De segunda a sexta, às 08h55, com repetição às 14h10.

Quietação

Uma noite destas, houve gritos e pancadaria, em vez de oração, no interior da igreja das Flamengas, em Alcântara. Responsáveis pela Real Irmandade de Nossa Senhora da Quietação envolveram-se com o padre, capelão da Irmandade, em berraria, bofetadas e empurrões. A presidente da Real Irmandade de Nossa Senhora da Quietação admite que chegou a ter na mão um círio e que ameaçou agredir com ele o padre, caso este não largasse o Juiz da Irmandade. O padre garante que foi agredido com o círio e que viu por terra os óculos. E que não deu a outra face aos três sopapos recebidos, era o que faltava. A coisa meteu polícia, a crónica reza que mulheres antigas despacharam o terço ao relento, lá dentro Irmandade e capelão reclamavam voz de comando, o caso seguirá agora a via sacra da Justiça terrena. Da divina tratará o Vaticano que pode ser para aqui chamado. É só inquietação.

A notícia toca a minha laicidade atónita na justa medida em que abala a doce melancolia da palavra Quietação cantada num poema de Vinicius. O poema exalta o silêncio que sugere "uma penetração de olhares calmos", o "silêncio pesado que desce" e "curva todas as coisas religiosamente". "O " murmúrio que sobe é como uma oração da noite".

O meu coração laico apazigua-se por vezes em igrejas vazias, nelas encontrando, em luz coada de vitrais, aquilo que Adélia Prado chamou " a paciência de Deus". Agora pressinto as mãos subitamente trémulas de Nossa Senhora das Dores quase deixando cair a sua roca, perante o tumulto. Ali perto, a Senhora da Quietação tenta conter um sobressalto, a roca mais firme entre os dedos, mas o rosto fechado em inesperada tristeza. A ela se ampararam, em tempos idos, as monjas flamengas fugidas ao clamor do mundo.

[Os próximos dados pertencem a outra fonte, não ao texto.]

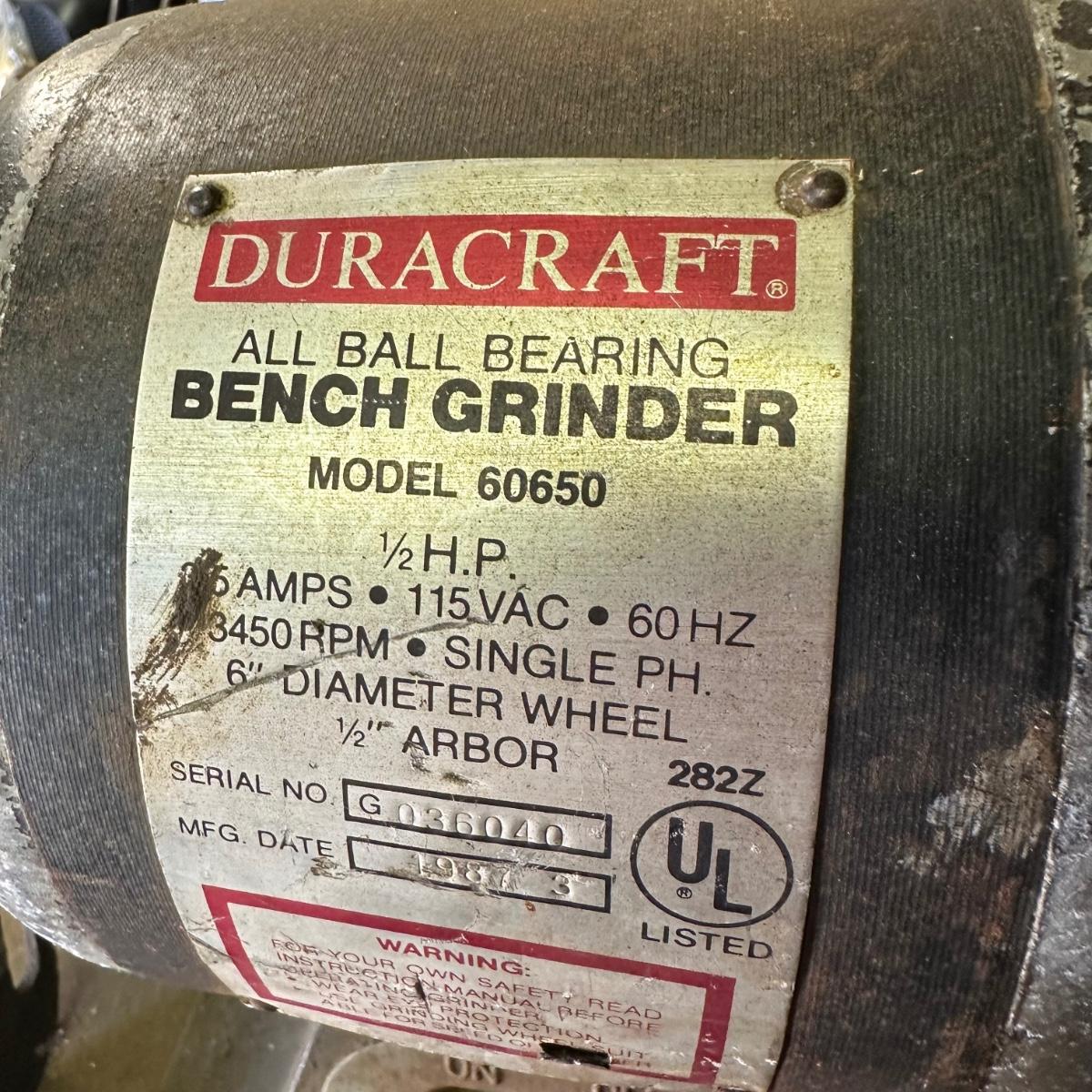 LOT 209G: DURACRAFT. ALL BALL BEARING BENCH GRINDER MODEL 60650

Em seu suave manto pousou o olhar de frei Agostinho de Santa Maria que a descreveu "em tudo perfeitíssima". Ali a dois passos, sob a revoada grosseira de bofetadas e soezes palavras, estremece o coração de D. Pedro II que aqui foi deixado em quietude para sempre, não acompanhando até ao Panteão o corpo de seu amo, já de si dado a estranha sonolência.

A bela palavra quietação, assim trazida a um caso de polícia à hora do terço no convento das Flamengas, sacode os versos em que foi tecida por Santa Teresa de Ávila ou Camilo Pessanha, Pessoa ou frei Agostinho da Cruz.